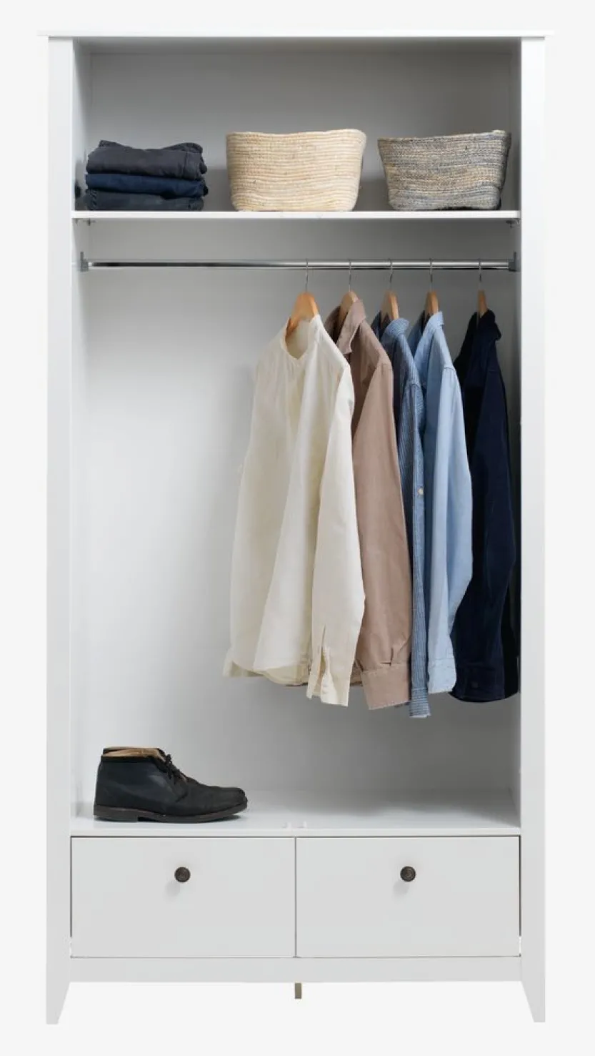 Kledingkast NORDBY 105×200 2 deuren 2 lades wit
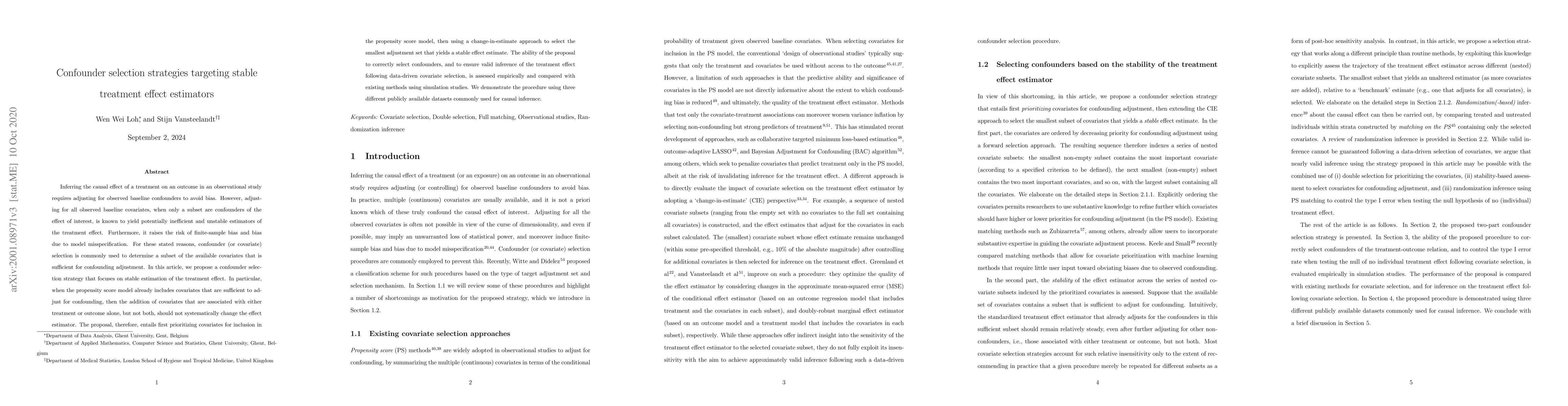 This paper proposes a confounder selection strategy aimed at stable treatment effect estimation, prioritizing covariates that do not alter the effect estimator when already sufficient confounders are included. The method is empirically assessed and compared to existing methods using simulation studies and real-world datasets.
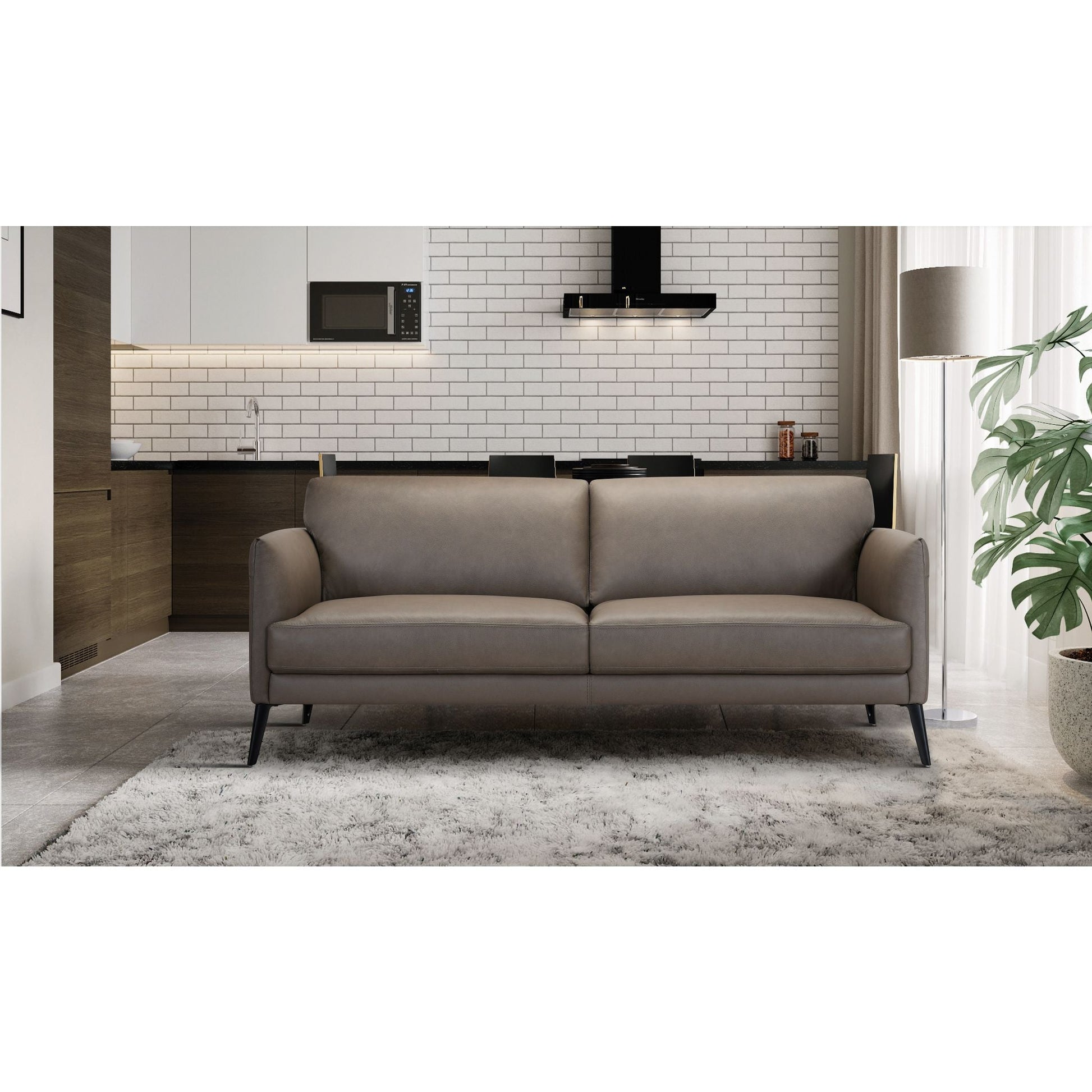 Stationary, 3 seat modern leather sofa
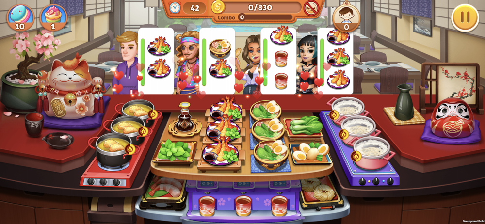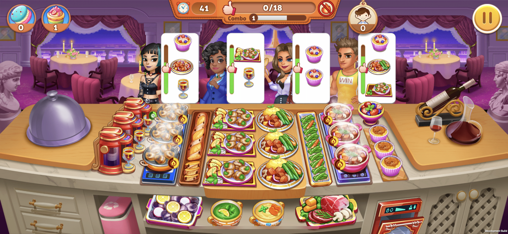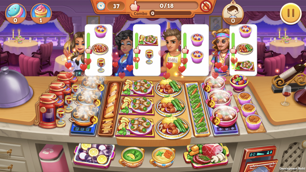 Serve the dishes in one time as quick as possible to play a combo for higher score.

────────

WORK INSTRUCTIONS: Repeat exactly the lines from the one containing "Stationary, 3 seat modern leather sofa" to the last line of the data above, both included, and write no pictures into the copy.

EXPECTED ANSWER:
 Stationary, 3 seat modern leather sofa
 Serve the dishes in one time as quick as possible to play a combo for higher score.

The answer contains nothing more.